Musings on Food Supply in Greater Melbourne
Last week I had the pleasure of attending the second annual Local Food Launchpad in Melbourne. There is no doubt to those who have stopped to think about it, that sustainability in food supply and food security is rapidly declining. Cities get bigger, farmers get pushed further and further out – and now we’re looking at a future of mass job loss as automation picks up pace over the next 10-15 years.
If food production gets pushed further away, transportation costs increase, shelf life goes down, and the overall quality of food available to inner city dwellers at an affordable price goes down. It will be the most vulnerable to suffer first.
It’s great to see an initiative like Local Food Launchpad where entrepreneurs are advised, and guided, to take matters into their own hands, in an enterprise system that is not wholly reliant on philanthropy, but still has a social focus. How can we best utilise urban areas, train the vulnerable on new skills, and counter the disturbing trends – in Greater Melbourne alone, the inner foodbowl currently supplies 82% of the cities fresh vegetable needs, but with increasing population and decreasing food production within the area, that number could drop to as low as 21% by 2050.
We’ve seen the implementation of community gardens (or as they are known in the UK, allotments), but the reality is that many lack the skills to fully utilise small garden beds, and on top of that the costs of renting these plots on top of maintaining a home and other living expenses, still puts them out of reach of many. They require both immediate proximity (how far would you travel to tend to your garden several times a week?), affordability, and sufficient knowledge. Permaculture will become a more important feature but again requires specialist knowledge to utilise on this very small scale.

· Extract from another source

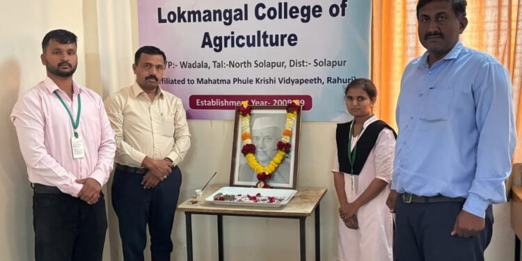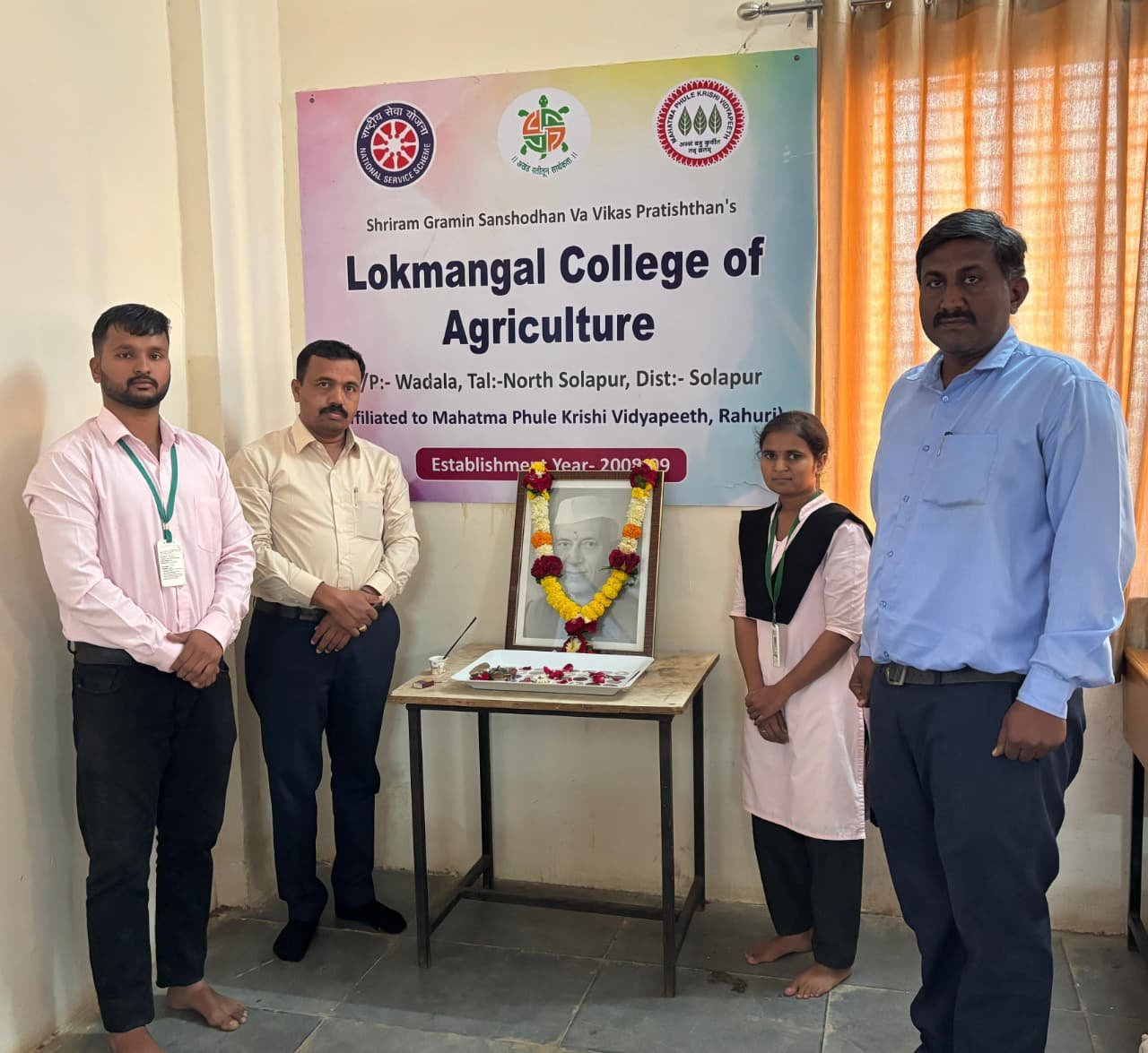 सोलापूर – श्रीराम ग्रामीण संशोधन व विकास प्रतिष्ठान संचलित लोकमंगल कृषी महाविद्यालय वडाळा येथे राष्ट्रीय सेवा योजनेअंतर्गत दिनांक १४ नोव्हेंबर रोजी बालदिन म्हणजेच पंडित जवाहरलाल नेहरू यांची जयंती मोठ्या उत्साहात साजरी करण्यात आली. कार्यक्रमाच्या अध्यक्षस्थानी महाविद्यालयाचे प्राचार्य डॉ. अमोल शिंदे हे लाभले होते. सदरील कार्यक्रमाची सुरुवात उपस्थित मान्यवर आणि विद्यार्थी प्रतिनिधी यांच्या हस्ते पंडित जवाहरलाल नेहरू यांच्या प्रतिमेचे पूजन करून करण्यात आली.
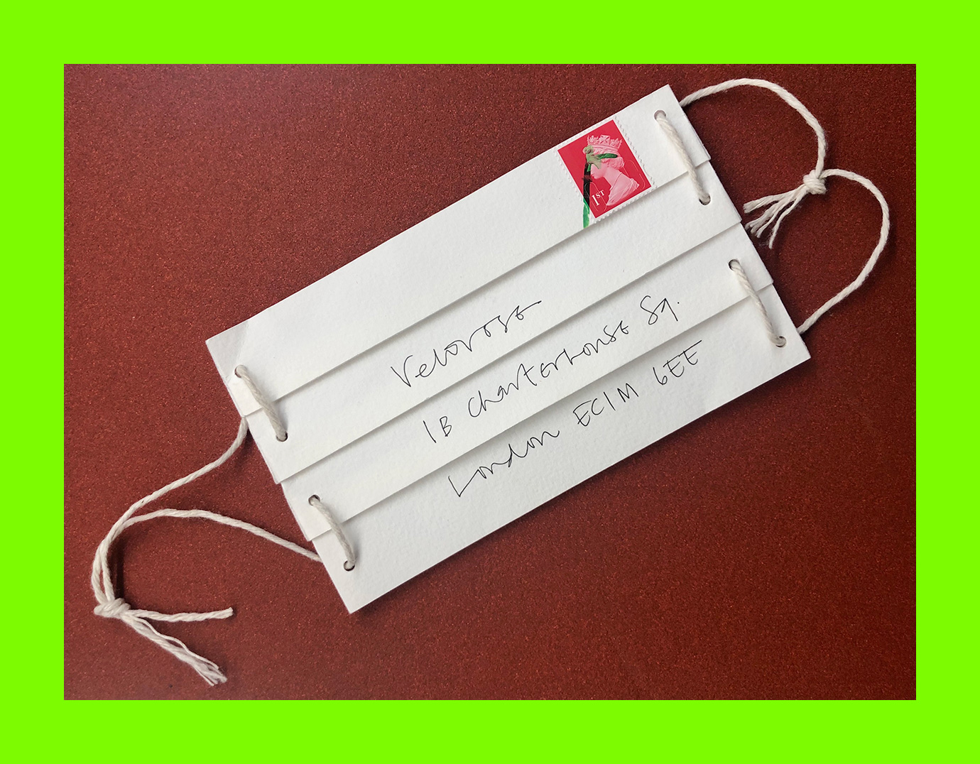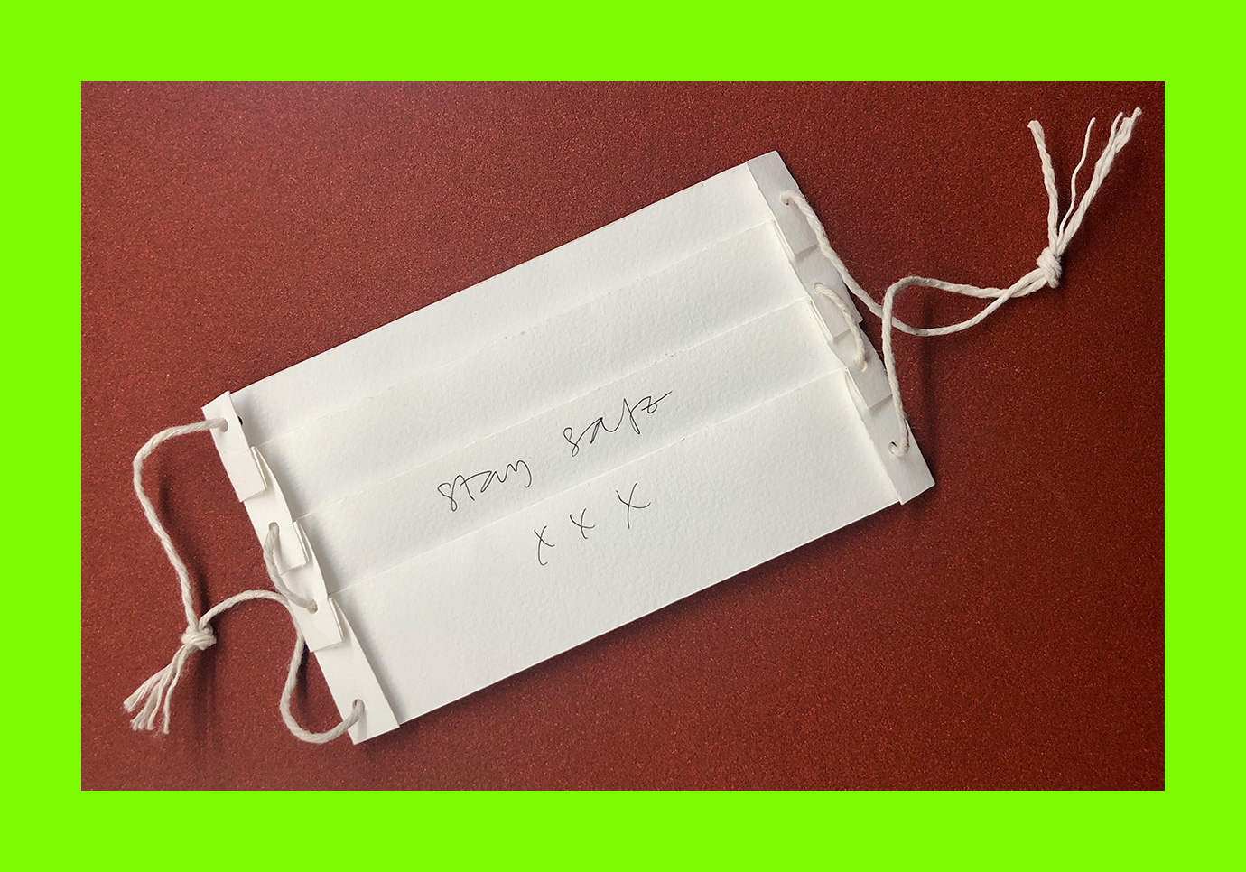 Dr Sophie Carter, Stay Safe (Postmask / Maskard) (Postcard Sent to Velorose from London, 2020), Ink and String on Perforated and Folded Watercolour Paper (Obverse) (Unique) (Not for Sale)

One of the concepts presented was a food waste recycling concept, looking to pick up scraps from restaurants to be composted – perhaps this could be used in conjunction with community gardens or other similar initiatives. We certainly have an expansive country at our disposal, but lack the food production focus that older countries (think the Mediterranean Garden or French Provincial lifestyle) have, with generations of history of farming the land or producing their own bread, cheese, and small goods.
Another looked at crowd farming and crowd harvesting – those with gardens sharing their excess and working together to share knowledge, labour, and resources. This is another potential route for community gardening, but if those with nothing provide the labour while those more fortunate provide the land, I wonder if we could end up with something that looks like a pocket sized version of landholders and peasants in the not too distant future.
Yet, we are ‘the food capital of Australia’ – a thriving multicultural hub with more restaurants and cafes per capita than anywhere else in the world. It’s clear we need to make these changes and quickly.
I’m shortly off on a European adventure and look forward to learning more about how other cultures view food and it’s role in their identities.